The new European General Data Protection Regulation (GDPR) comes into force on 25th May 2018. It’s a key date for businesses in the UK, large or small because compliance with the new stricter regulation is mandatory and fines are tougher than ever before.
It’s worth pointing out that the UK will continue to be committed to GDPR after we’ve left the European Union – Brexit will make no difference to the need for compliance. Any Data Protection Act that comes into force after Brexit will directly mirror GDPR provisions.
In a nutshell, GDPR comprises the following main provisions:
- Businesses who routinely process extensive personal information or large amounts of personal data must employ a Data Protection Officer (DPO) whose role it is to deal with any data protection queries and ensure compliance with GDPR.
- Individuals will have far greater rights about how businesses use their data.

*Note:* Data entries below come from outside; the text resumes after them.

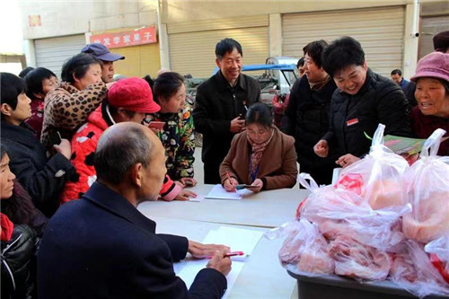 為讓廣大群眾吃上放心肉、質(zhì)優(yōu)價廉肉,李會霞請來縣工商局、縣非公黨工委、縣農(nóng)牧局、縣食藥監(jiān)局領(lǐng)導(dǎo)親自監(jiān)督把關(guān),確保豬肉食品安全。為了擴大活動的影響,她發(fā)放宣傳資料、掛宣傳條幅,還在縣FM91.8電臺滾動播報活動消息,在微信群傳播活動信息,努力把好事、善事辦好,辦到群眾的心坎上。
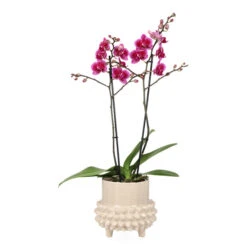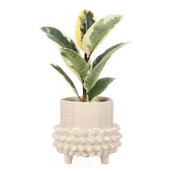 Tilfør hjemmet en følelse av ro og eleganse med denne potten stilige konturer! Potten Elin har en glasert overflate med boblete form nederst og blank, stripete form helt øverst. Den har også stilige ben som løfter opp favorittplantene dine enten om det er i stuen, på soverommet eller til og med på badet. Med blomsterpotter i ulike former, farger og materiale kan du enkelt gi hjemmet ditt en personlig og lun atmosfære. Innred med planter i stuen, på badet – ja hele hjemmet og la deg inspirere av mange vakre blomster i fine potter!
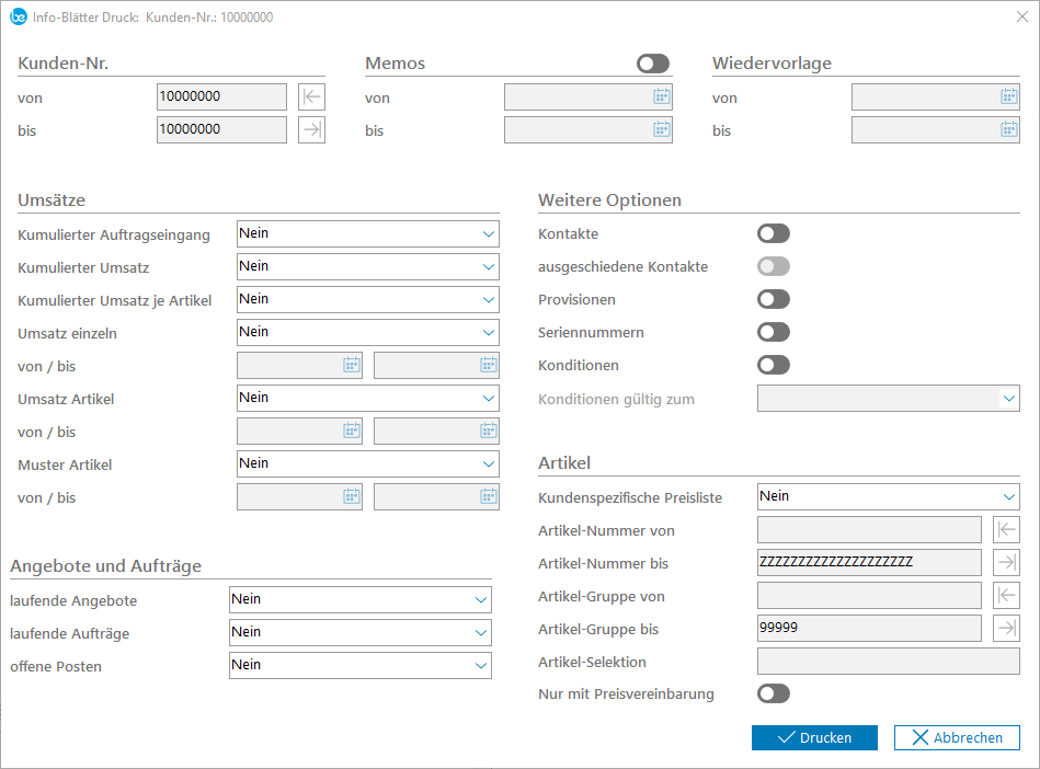 Über das folgende Auswahlfenster haben Sie auf den beiden Tabs Selektion 1 und Selektion 2 die Möglichkeit, den Inhalt und Umfang der Informationen wie Druck der Memos, Kontakte, laufende Aufträge, offene Posten, Kundensonderpreise usw. auszuwählen.
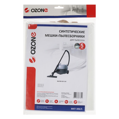 Мешки Ozone MXT-306/5 поставляются в количестве 5 штук. Упаковку, размеры которой составляют 260x400x20 мм, несложно хранить. Масса мешков в упаковке составляет 370 г. На упаковке размещена полная информация о свойствах мешков.
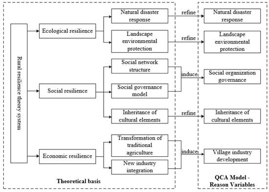 In this work, we utilized all of the above methods with reference to the literature to select variable conditions. We reached five reason variables (Figure 4) from three levels of ecological resilience, social resilience, and economic resilience according to the correspondence between the number of research samples and the number of variables [33,34] (Table 2) in the QCA of fuzzy sets. These mainly included: (1) natural disaster response (simplified as “ZRZH”); (2) landscape (environmental) protection (JGHJ); (3) social organization governance (SHZZ); (4) cultural element inheritance (WHYS); and (5) village industry development (CLCY). The outcome variable was the level of protection and development of traditional villages (BHFZ).

This may include the ‘right to be forgotten’ and have their data erased unless the company can show legal grounds for continued use.

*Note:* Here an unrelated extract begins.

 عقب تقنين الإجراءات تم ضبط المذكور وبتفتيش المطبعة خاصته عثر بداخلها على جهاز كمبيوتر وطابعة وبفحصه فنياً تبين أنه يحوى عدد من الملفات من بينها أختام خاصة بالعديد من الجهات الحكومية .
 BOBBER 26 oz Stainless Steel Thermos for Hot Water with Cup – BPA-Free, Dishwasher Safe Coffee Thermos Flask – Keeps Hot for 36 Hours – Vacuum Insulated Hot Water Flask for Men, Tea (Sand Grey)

- The new regulations will apply to any business processing personal data, including smaller businesses with less than 250 employees. Any data breach that impacts the rights of data subjects must be reported to the Information Commissioner’s Office (ICO) within 72 hours maximum.
- Failure to comply with data protection legislation currently carries a fine of up to £500,000 by the ICO but businesses in breach could be charged up to €20 million (or 4% of turnover) under GDPR. Businesses can be sued by individuals suffering as a result of data mismanagement.
Is GDPR relevant for your business?
GDPR is built around two key principles. It is designed to give people more control over their own personal data, and it simplifies and unifies regulations for businesses across the European Union (EU). The provisions will apply to any business that processes personal data of EU citizens including customer, supplier, partner and staff.
If your company collects and deals with such data on a regular basis, whether it’s from your mobile phone, on a spreadsheet, a computer network or in a cloud-based CMS, you’ll need to comply with GDPR. If you’re not sure about your company’s situation, or how to go about becoming compliant, you should take advice from an experienced IT lawyer.
As a small business, it’s worth going through the checklist below to make sure you’ve taken account of all types of data subjects, including past and present employees, suppliers and customers, whose data you’re collecting, storing and using.
- You must demonstrate an understanding of the type of personal data you hold, how it is collected, how it is being used and where it is going. This includes name, contact information, bank details, email and web addresses and images, as well as sensitive or special data such as religious beliefs or health details
- Are you relying on consent to process the data, for example as part of your marketing campaigns? If so, these activities may become more difficult because, under GDPR, consent must be clear, specific and explicit.
- In order to be GDPR compliant, you will need to show that robust security measures and policies are in place. Review your internal processes and systems and consider the broad use of encryption as an added layer of data security.
- Subject access right under GDPR will give citizens the right of access to all their personal data, correct mistakes, prohibit their use in some circumstances, or ask for their data to be deleted. Access requests must be dealt with within a 1-month timeframe, so make sure you have sufficient resources in place.
- Make sure your staff are trained to recognise and report data breaches as soon as they occur. Where necessary, build up or reinforce your internal processes including staff responsible for data protection compliance.
- Carry out due diligence on your supply chain and ensure that your suppliers and contractors are GDPR compliant too, if necessary by reviewing contract terms. This will protect your business from any adverse effect arising from data breaches occurring elsewhere.
- Check whether you are required to employ a DPO. Many small businesses will be exempt from this requirement unless your core activity revolves around ‘regular or systematic monitoring of data subjects on a large scale’ or ‘processing large volumes of special category data’.
While it may seem onerous to have to review your systems and process in order to comply with the new legislation, you can view GDPR as an opportunity to shore up your competitive advantage, adding value to your business.
If you can convey the message that data protection is important to your business, that GDPR compliance is not merely an inconvenience but that you take the personal data you hold extremely seriously, your company will earn market trust and respect. No-one likes having their personal data lost or stolen, damaged or abused. The way you handle yourself with integrity may well give you a unique selling point.